If you openly shared your advertising plan, you’d feel exposed. Anyone who knew what you were planning could stay ahead of you. Your competitors could create ads knowing who you’re trying to reach and what you say when you get them. That would be a significant advantage, and we suggest you do that to your competitors: improve your competitive intelligence.
Competitor keyword analysis is the most essential part of your e-commerce SEO strategy. The goal of your research is based on finding new opportunities to generate traffic.
If you can optimize your website based on the right keywords, you can generate high-quality traffic by showing up organically in relevant search engines.
By tracking your competitors’ organic and paid keywords, you can see the content people find in a search on Google. Those pages pull in traffic at no extra cost. Those same businesses might draw people in with ads on Google searches, and you can see those paid keywords and the ad copy that goes with them.
All of this insight helps you build a strategy to guard against your competitors.
Because business is constantly growing and changing, you could always have new competitors to guard against. Staying on top of these threats is essential, and keywords are the easiest way to start.
At SpyFu, you can make it easy for businesses to see their competitors’ AdWords campaigns and their SEO performance.
You can collect information on those search results on millions of terms, including the advertisers. You tie it all together so that you can find the domains that compete with you on one keyword. Or, stretch out and find the ones that give you the most significant competition across your keyword list.
That helps you stay on top of your known competitors and any emerging threats you might have missed. Tracking those competitors will be a critical part of your growth. In that way, new and rising competitors can prove more valuable. If they’re new, they’re not yet cluttered. They are now latching onto the most crucial keywords and investing in what converts. The evidence of their success is that they are creeping up on your keywords. Keep what you’re doing, but do pay attention to any reminders you can grab from your new competitors.
We believe heavily in the value of learning from what your competitors have in common with each other.
If one competitor advertises on (buys) a keyword, that’s worth noting. If a second competitor (or third) also buys that exact keyword, that signals that you found a good keyword.
Paying for a keyword for more than one month is like voting. The advertiser makes the active choice to pay for a click on their ad from this search. When multiple competitors of your vote for the same word, you can confidently add it to your lineup.
You can find these keywords through tools like SpyFu. The tool automatically detects your biggest paid search competitors by entering your domain. It shows you the exact keywords they’re buying that you don’t.
It’s worth testing. (Ads are always worth testing.) But it’s far better than flying blind. You’ve drawn on the wisdom of the crowd. People who have been there before are leaving you hints of what works and what doesn’t–whether they realize it or not.
No competitor is perfect. They can make bad choices. They take risks. While either competitor might dabble in a few unprofitable keywords, both competitors will agree on the ones that pay off in the long run.
Most of us will never talk with our top competitors about which ads convert best for them and which are time and money wasters. Instead, we have to take signals and clues from what they don’t realize they’re telling us.
As we mentioned above, advertising on a keyword is notable for competitive intelligence. Advertising for a long time is better. And if they continue to pay for higher ad positions on this keyword, then that keyword is probably pulling its weight in the advertiser’s campaign.
Finally, we get that people fall asleep at the wheel. They might need to check their ad performance more closely. However, no one will let a weak-performing keyword drain their budget for too long.
Combining those ideas means that if we can spot keywords with these signs, then we can guess these convert well:
Once you’ve researched your competitor’s keywords and how they spend their money, you can list the top keywords you want to rank for. These keywords must be the ones you wish your target customers to search for. Therefore, you should ensure that keywords are relevant, competitive, and aligned with your business. It will allow you to strengthen your competitive intelligence as well.
Prioritization is the key to your list. You must strategically choose the keywords and try to improve your rankings based on them. Improving your rankings in search results might take some time, but you can notice the difference. Remember to compare your keyword’s ranking with your competitor’s.
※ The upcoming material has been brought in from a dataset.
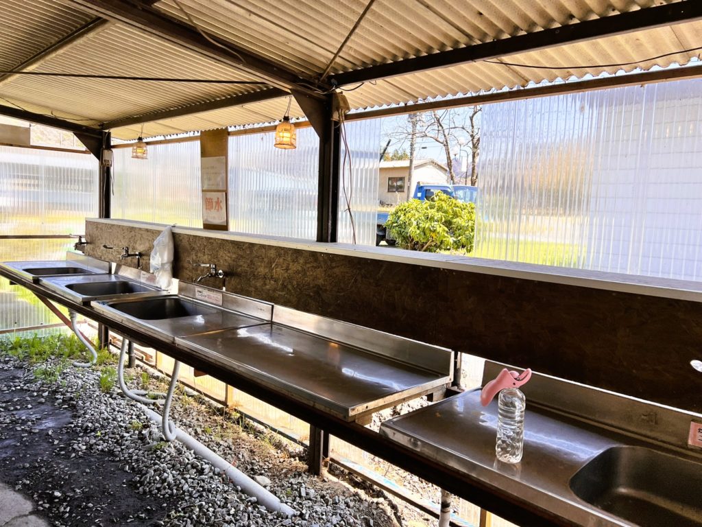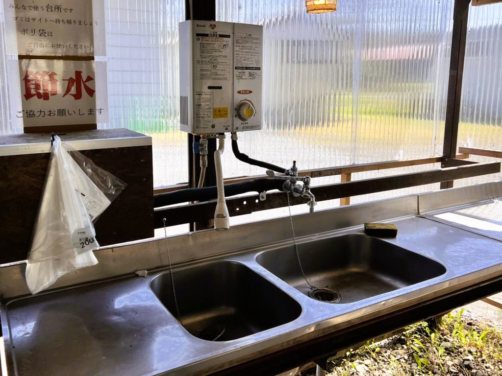 調理台もある広々とした炊事場は、湯沸かし器が1ヶ所あり、お湯が使えます。

We also see in historical data that a domain’s best ad copy tends to spring up across its top keywords. The domain spreads its most dominant message in a way that we can’t ignore. You can see what’s working best for your business.
In SpyFu’s Ad History tool, you can track where the same ad copy pops up on different keywords.
We know that Google lends a hand here, too. It tends to show the ad that gets the highest clicks. This makes the best-performing ad copy rise to the top. So now you’ve got your competitor’s favorite keywords and its best ad copy revealed for your research–no matter how they try to hide it.
Tools can also help you track changes in your competitor campaigns. It allows you to watch their rankings — paying attention to ups and downs.
Learn more about this vital part of competitor research and ultimately improve your competitive intelligence. What starts as a curiosity for some people turns into an all-out advantage. Turn your competitors into your testing machine. You can learn from their ads, their copy, and their content.